This is an alpha version of the new version of the Three Strikes Spam Filter Plugin for WordPress. This version has various bugfixes and a hidden gem that I have wanted to work with for some time.
This version of the filter has a Naive Bayesian filter added to the other checks that were already being performed by the Three Strikes Plugin. The plugin, once installed, learns from all the comments that are posted on your blog. It then waits for spam. Once a comment is determined to be spam, its Bayes filter learns about the spam comment. Kitten’s Spam Words is added to the interface to simplify addition of spam words and the install instructions are included within the download zip. I suggest the use of my dynamic list of spam words as a starting point for the plugin.
This is termed alpha software for a reason. It is developmental code and is barely tested. There will be bugs and some things will break. Also, the bayes filter is only as good as how much it has learnt from your blog and its comments. So it will get much better with time, but time it will need. I have included a TODO inside the plugin for those interested in the code and I welcome suggestions and bugfixes. This is released under the GPL.
Link to generate dynamic list of Common Spam Words.
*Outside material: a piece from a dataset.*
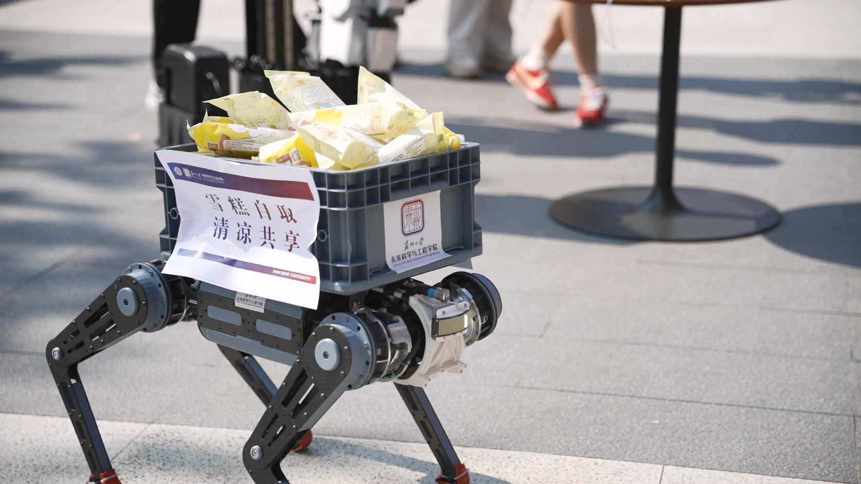 在未来校区,迎新横幅随着无人机缓缓升起,“欢迎2025级新同学”格外醒目。翩翩起舞的机器人热情欢迎新同学们的到来。由无人接驳车、无人行李托运车组成的迎新小队成为校园里一道靓丽的风景线,它们科技感满满、未来感十足,在繁忙的迎新季帮忙接驳带路、搬运行李。

EDIT: Now with trackback checking in the download
Download link isn’t working.
Sorry about that, try it now.
Couple of problems, the newly created tables do not have the $table_prefix infront of them. And in trainfiltergood.php this line is hardcoded and shouldn’t be $query = “select * from 12_comments order by comment_ID desc”;
Good catches. I have fixed the table prefix in trainfiltergood.php
The naive bayesian link needs fixing.
Neato work!
Mark: Since you included Kitten’s SpamWords, I’ve found that I have to deactivate her plugin to get Three Strikes to work. I assume that this is a bug, not a feature. 🙂
Yes, it is a bug. I will try to get that into the readme tonight. Thanks for the catch Geoff!